Small-town girl Sherrie Christian (Julianne Hough) and wannabe Drew Boley (Diego Boneta) make sparks. Stacee Jaxx (Tom Cruise) brings the star power in leather pants.

THERE’s something in the Rock of Ages premise that makes me recall an interview I did years ago with Bryan Adams. ”I’m just a dirty white boy,” he told me. ”I just wanna rock, you know?” Of course, the Groover from Vancouver was about as dirty as a Colgate smile; he was even drinking plain warm water because tea was too polluting. But that didn’t matter. Like so many of us, Adams had bought the idea of rock as rebellion so completely and sincerely that, in his head, he was Johnny B. Goode.

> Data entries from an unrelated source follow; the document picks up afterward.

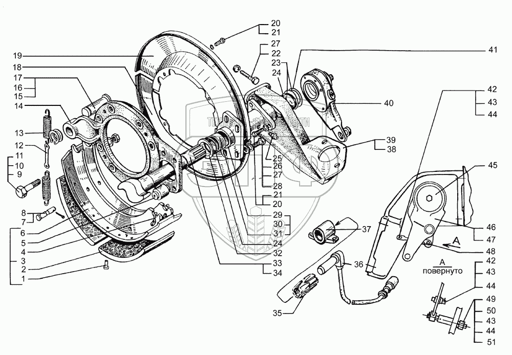 Каталог запасных частей к технике: КрАЗ-65053-02. Механизмы тормозные задние
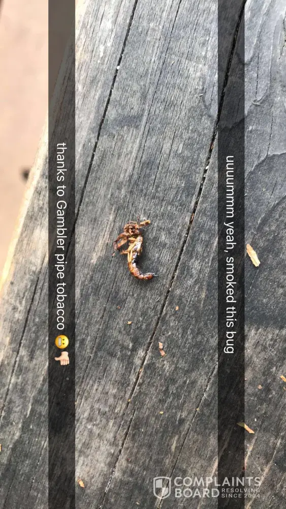 I got to smoke half of a big today thanks to Gambler Tobacco. I am very vigilant in keeping my bag sealed from the first open so I know nothing could of crawled in and it looked to be a long dead, dried up bug. It almost looked like a meal worm but it had long legs in the front and I keep reptiles so I know it wasn't a meal worm in any of its morphing stages so I'm unsure, but I have a photo I was going to send them before I realized I can't find their contact info online. The last two bags I've purchased have had a disgusting chemical like taste that doesn't allow me to finish half a cigarette anyway tho. They may be the reason I'll quit supporting the tobacco industry 😄
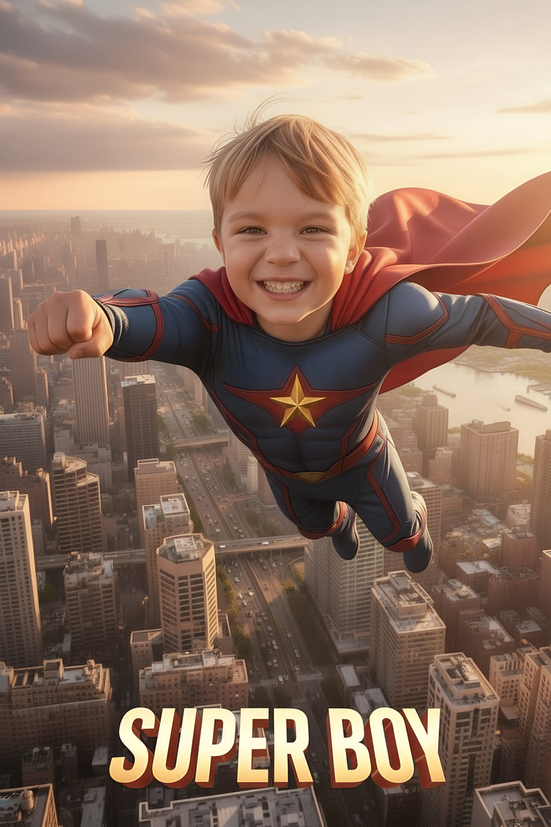 Dodaj zdjęcie na którym dobrze widać twarz chłopca i nie ma na nim innych osób. Zamień go w superbohatera. Zamów Obraz na Płótnie lub Plakat albo Wydruk na szkle
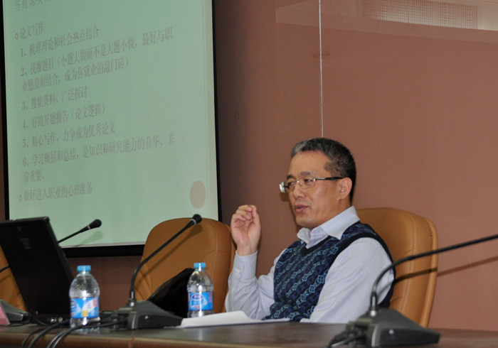栗宝卿先生结合二十余年金融从业经验,由宏观入微观,从行业到个人,围绕青年人职业规划、自身定位、从业心态、个人发展、内心修为等话题展开,勉励同学们要树立大局观念、独立思考和系统思维的意识、建立个人良好信用、关注自身“三商”培养、重视内在修养和思想境界的提高,并树立成为未来金融领军人才的目标。同时,栗先生还创造性地结合管理学、心理学、社会学研究中的模型,分析个人与集体的协调关系,揭示一个人的发展同一个组织发展的内在规律与联系。栗先生渊博的知识和丰富的人生阅历令在场同学深受启发,对拓宽同学们思维的广度和深度大有裨益。
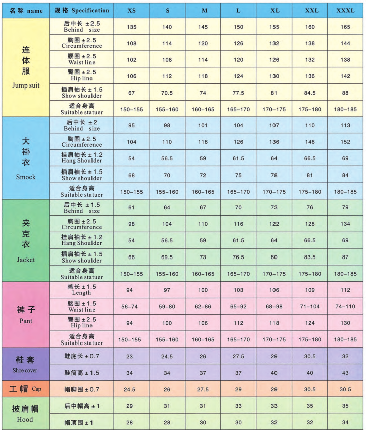 C.The relation between structure & pattern of cleanroom garment and cleanliness classed, see table below

Rock of Ages is a jukebox musical for dirty white boys. Journey and Bon Jovi, Pat Benatar and Poison, Whitesnake and Twisted Sister: it’s the stadium rock of the Reagan era, strung together with a standard boy-meets-girl storyline and set in an agreeably grungy music venue on the Sunset Strip. In the original stage version, the club was threatened by evil property developers. In the new film, directed by Adam Shankman – who also directed the remake of Hairspray – it is the killjoy mayor (Bryan Cranston) and his Christian fundamentalist wife (Catherine Zeta-Jones) who want to close them down. Either way, it’s a cue for a mash-up of We Built This City and Nothing’s Gonna Stop Us Now: go, dirty white boys, go!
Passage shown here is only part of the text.